Closed fbertsch closed 4 years ago
Do you have an example of this? From what I can tell missing values are already handled by setting the value to null. I might not be understanding correctly.
Unfortunately we aren't yet handling it. The error is happening on some incoming CSV files, and we get an error like this:
[2019-11-21 22:28:41,406] {logging_mixin.py:95} INFO - [2019-11-21 22:28:41,406] {pod_launcher.py:104} INFO - google.api_core.exceptions.BadRequest: 400 GET https://bigquery.googleapis.com/bigquery/v2/projects/moz-fx-data-shared-prod/queries/41605445-a4c7-4d63-84e3-6bfca88bd4d0?maxResults=0&location=US: Error while reading table: tmp.leanplum_sessions_v1_20191120, error message: CSV table references column position 35, but line starting at position:49201408 contains only 12 columns.

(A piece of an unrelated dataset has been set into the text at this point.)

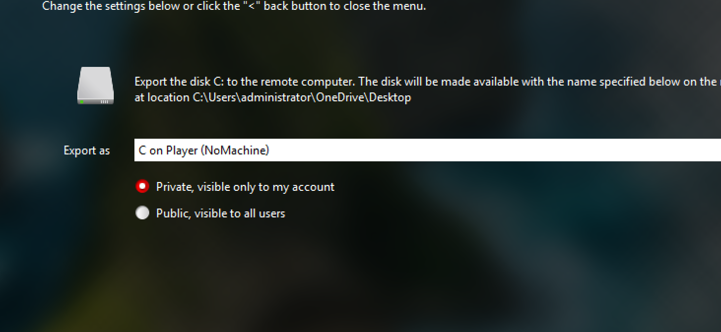 2. If I want to share a drive privately it wants to map it to c:\users\administrator\……

However, looking over the documentation, I'm not seeing a specific way to create an external table using CSV and allow jagged rows, only when loading data from a CSV. We could use that path, but then we also need to drop those lat/lon columns.
Another option here could be to drop those rows explicitly.
Would it be an option to preprocess the csvs to pad every row with commas? Should be feasible since the csvs aren't that big
That could work, essentially allowing jagged rows ourselves. Give it a shot.
Actually if we do a load table instead of an insert query we can allow jagged rows https://cloud.google.com/bigquery/docs/loading-data-cloud-storage-csv#csv-options
That seems like the simplest approach
Or just adding external_config.options.allow_jagged_rows = True
might work
The key part for an external load is to drop lat/lon. If it works as-is with jagged rows, that would be ideal
After a long investigation, turns out the issue isn't actually jagged rows: the issue is corrupt input.
Jagged rows like this work fine (for some reason, I would expect to not work unless the config is set):
a,b,c
1,2
1
1,2,3
The rows that were breaking things have a deviceModel
value of 'Unknown łB -珠ΙάLY'
. There's a \n
in there and possibly some other encoded things my editor can't read. I confirmed that removing this line fixes things.
A quick test shows that adding the allow_quoted_newlines
option to the external config fixes it but I'll run a full test through airflow tomorrow.
That's great, thanks for the investigation Ben!
The Leanplum data doesn't always fill in every row with all columns of data. If we allow for jagged row this will make all subsequent columns
NULL
.